Cisco narrowly topped forecasts on Wednesday by posting an 18.4% jump in fiscal fourth-quarter profits, but the tech company's revenue growth failed to impress investors and it disclosed plans to slash 4,000 jobs.
Shares of the San Jose-based networking giant tumbled 10.5% in after-hours action on the latest developments. Cisco also issues cautious guidance for the ongoing first quarter.
During a conference call with analysts, Cisco said it plans to cut about 4,000 positions, representing approximately 5% of the company's total workforce.

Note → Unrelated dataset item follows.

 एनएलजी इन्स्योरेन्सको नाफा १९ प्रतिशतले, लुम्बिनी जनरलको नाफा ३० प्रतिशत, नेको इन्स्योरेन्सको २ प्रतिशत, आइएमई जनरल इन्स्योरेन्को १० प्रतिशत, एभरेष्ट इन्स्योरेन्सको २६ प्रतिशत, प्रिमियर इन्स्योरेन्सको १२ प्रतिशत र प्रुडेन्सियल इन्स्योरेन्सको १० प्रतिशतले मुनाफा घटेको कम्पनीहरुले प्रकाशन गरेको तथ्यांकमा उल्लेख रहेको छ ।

The company said it earned $2.3 billion, or 42 cents a share, last quarter, compared with a profit of $1.9 billion, or 36 cents, a year earlier
Excluding one-time items, it earned 52 cents a share, a penny ahead of the Street’s view.

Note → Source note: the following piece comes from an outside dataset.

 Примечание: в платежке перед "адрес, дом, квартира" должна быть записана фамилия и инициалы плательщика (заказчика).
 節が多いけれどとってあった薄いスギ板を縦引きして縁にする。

Revenue rose 6% to $12.4 billion, essentially matching consensus calls from analysts for $12.41 billion.
"My confidence in our ability to be the No. 1 IT company is increasing,” Cisco CEO John Chambers said in a statement. "Now, more than ever, our customers and our partners want Cisco's help navigating the inconsistent global landscape successfully.”
Looking ahead, Cisco said it expects to post non-GAAP EPS of 50 cents to 51 cents in the fiscal first quarter, compared with the Street’s view of 51 cents.
Revenue is expected to grow 3% to 5%, implying a range of $12.23 billion to $12.47 billion. By comparison, Wall Street had been looking for sales of $12.45 billion.
During the fourth quarter, Cisco’s product revenue increased 6.4% to $9.74 billion, compared with the Street’s view of $9.7 billion. Services sales 5.5% to $2.68 billion, trailing consensus calls for $2.73 billion.
Shares of Cisco dropped 10.28% to $23.66 in extended trading on Thursday. The bar had been set high as the shares had soared 34.2% on the year as of the closing bell, compared with 18% for the S&P 500.